Let S be a set of ten distinct integers between 1 and 50. Use the pigeonhole principle to show that there are two different 5-element subsets of S with the same sum.

An example of that would be S= {1,2,3,4,5,30,31,32,33,34} and {30,2,3,4,5} and {31,1,3,4,5} have the same sum. And I need to prove this for any 10 elements.

I don't really know how to get started with this. The only thing I have right now is that given a set of 10 elements there are: 252 distinct subsets of 5.

And I think what I need to find out is the number of summations that do not yield the same result for a given subset of 5 elements, which would have to be under 252, which would then show some of them would have to be equal.
• April 19th 2009, 04:23 PM
NonCommAlg
Quote:

Originally Posted by datboitom
I have this question I need to complete but I'm not sure how to get started with it. Here is the question:

Let S be a set of ten distinct integers between 1 and 50. Use the pigeonhole principle to show that there are two different 5-element subsets of S with the same sum.

An example of that would be S= {1,2,3,4,5,30,31,32,33,34} and {30,2,3,4,5} and {31,1,3,4,5} have the same sum. And I need to prove this for any 10 elements.

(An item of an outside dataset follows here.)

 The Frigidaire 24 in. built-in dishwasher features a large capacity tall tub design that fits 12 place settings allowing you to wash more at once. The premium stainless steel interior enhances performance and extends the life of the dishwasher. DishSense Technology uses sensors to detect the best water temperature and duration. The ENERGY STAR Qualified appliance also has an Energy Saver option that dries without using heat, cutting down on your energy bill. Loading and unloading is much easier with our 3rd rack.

I don't really know how to get started with this. The only thing I have right now is that given a set of 10 elements there are: 252 distinct subsets of 5.

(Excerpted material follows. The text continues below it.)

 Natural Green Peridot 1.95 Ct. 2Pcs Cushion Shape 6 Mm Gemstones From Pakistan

And I think what I need to find out is the number of summations that do not yield the same result for a given subset of 5 elements, which would have to be under 252, which would then show some of them would have to be equal.

Hint: the sum of any 5 distinct elements of $\{1,2, \cdots , 50 \}$ is at most $46+47+48+49+50=240 < 252.$
• April 19th 2009, 04:30 PM
datboitom
Tell me if this makes sense. So the max number of the sum is 240 and the minimum is 15. So then there is a total of 240-15 amount of different summations? Which is 225. 225 < 252 so some of them have to have the same sum? Is that correct or am I getting this concept wrong?
• April 19th 2009, 04:52 PM
NonCommAlg
Quote:

Originally Posted by datboitom

Tell me if this makes sense. So the max number of the sum is 240 and the minimum is 15. So then there is a total of 240-15 amount of different summations? Which is 225. 225 < 252 so some of them have to have the same sum? Is that correct or am I getting this concept wrong?

it's almost correct! the different summations are actually at most 226 = 240 - 15 + 1 but we don't need it anyway. just the maximum 240 is good enough because 240 < 252.

we're associating to any subset of 5 distinct elements a number, i.e. the sum of elements. we have 252 of these sets and at most 240 numbers available. now apply Pigeonhole Principle.
• April 19th 2009, 05:39 PM
datboitom
Alright, thanks for the help.